In Banach space theory, a **super-property** is a property of a Banach space that is preserved under **ultrapowers**. (Super-properties are also characterized--more commonly?--via finite representability).
> What is the name for a property of a Banach space preserved under **ultraproducts**.
For example, a Banach space $B$ is **super-reflexive** iff it is reflexive and all its ultrapowers are reflexive. However, super-reflexitivity is not preserved under ultraproducts. Indeed, the spaces $L^p$ for $1<p<\infty$ are super-reflexive, but if $\mathcal{U}$ is a non-principle ultrafilter on $\mathbb{N}$, then the ultraproduct $(\prod_{n=2}^\infty L^n)/\mathcal{U}$ is not reflexive.
Every super-reflexive space is isomorphic (in the Banach space sense) to a $q$-uniformly convex space for $2\leq q <\infty$. Such a space is said to have **martingale cotype $q$**. <strike>The property of having martingale cotype $q$ is preserved under ultraproducts (for a fixed $q$).</strike>
**Update 1 (2015-09-27)**: As Bill Johnson pointed out, having $q$-martingale cotype is a bad example, since it is not actually preserved under ultraproducts.
For a better example, being a uniformly convex Banach space with modulus $\delta(\varepsilon)$ is preserved under ultraproducts. [Proof: Let $\{B_i\}_{i\in I}$ be uniformly convex spaces with common modulus $\delta(\varepsilon)$. Let $x=(x_i)_\mathcal{U}$ and $y=(y_i)_\mathcal{U}$ be elements in the interior of the unit ball of the ultraproduct $B = \prod_{i\in I} B_i/\mathcal{U}$ with $\|x-y\|_B>\varepsilon$. Then $\mathcal{U}$-a.s. $\|x_i\|_{B_i}, \|y_i\|_{B_i} \leq 1$ and $\|x_i - y_i\|_{B_i} \geq \varepsilon$. By uniform convexity, $\|(x + y)/2\|_B = \lim_\mathcal{U} \|(x_i + y_i)/2\|_{B_i} \leq 1-\delta(\varepsilon)$.]
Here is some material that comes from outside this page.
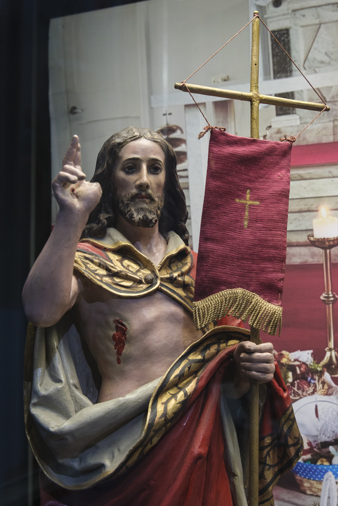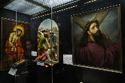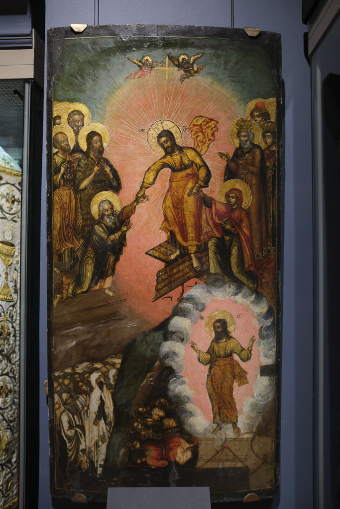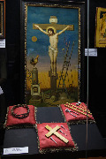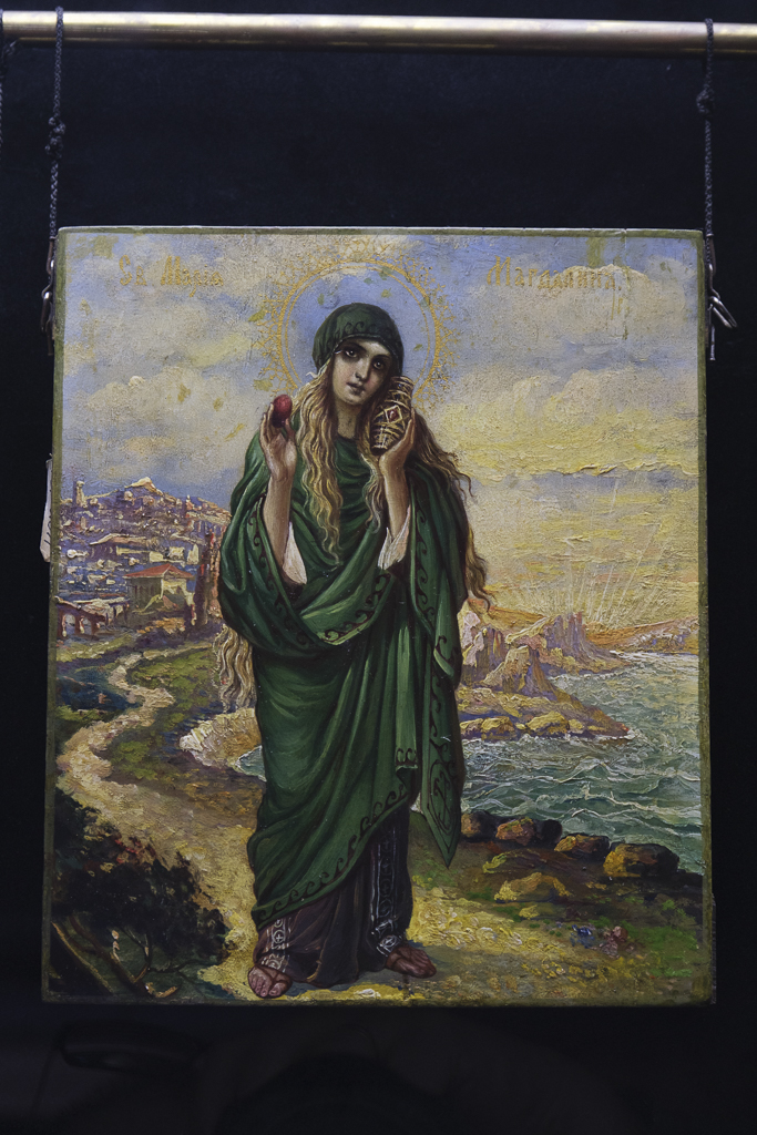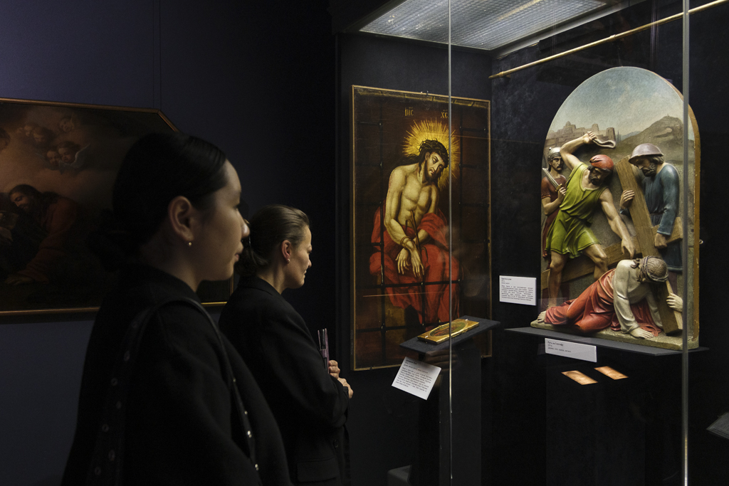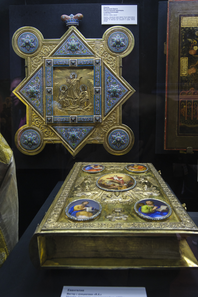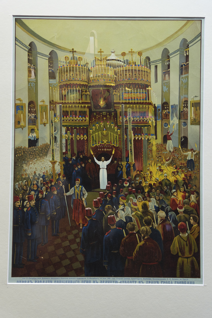 Среди экспонатов - полотно Михаила Нестерова "Воскресение Христа" (1922), пасхальные яйца из фарфора (XIX в.), яркие пасхальные открытки, три пасхальных стола, на которых представлены иудейский седер, православная и католическая праздничные трапезы.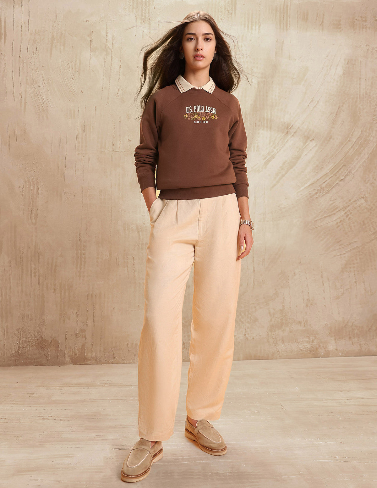 Story: Reimagining classic Western aesthetics, this group channels rugged looks with utilitarian details, energized by earthy colors. Drawing inspiration from nature’s ruggedness along with equestrian influences, it infuses a sense of adventure and functionality into the U.S. Polo Assn. brand. intermingle with textural fabrics to evoke the rugged beauty of the landscape. Integrating elements that evoke the sport of polo adds an athletic edge to the energetic charm, creating a dynamic fusion of style and performance. An ideal choice for the fashion-forward woman who appreciates both style and comfort. Pair with your favorite jeans or a casual skirt for a look that's both polished and relaxed, ready to take on any casual occasion with confidence.

For another example, a space $B$ is of martingale cotype $q$ iff it is isomorphic to a Banach space with modulus of uniform convexity $\delta(\varepsilon) = C \varepsilon^q$. In other words, there is a constant $C$ and a new norm $\| \|_0$ such that $(1/C) \|x\|_0 \leq \|x\|_B \leq C \|x\|_0$ and $(B,\|\|_0)$ is uniformly convex with modulus $\delta(\varepsilon) = C \varepsilon^q$. Call such a $B$ a space of **martingale cotype $(C,q)$**. Unlike martingale cotype $q$, martingale cotype $(C,q)$ is preserved by ultraproducts. [The proof is similar to the previous one.]
**Update 2 (2015-09-27)**: The reason I am interested in this is because such properties have a lot of uniformity associated with them. For example, [Avigad and I][1] gave a variational norm on the mean ergodic theorem which holds for every Banach space of martingale cotype $(C,q)$. Our inequality only depends on $C$ and $q$.
[1]: http://arxiv.org/pdf/1203.4124v4.pdf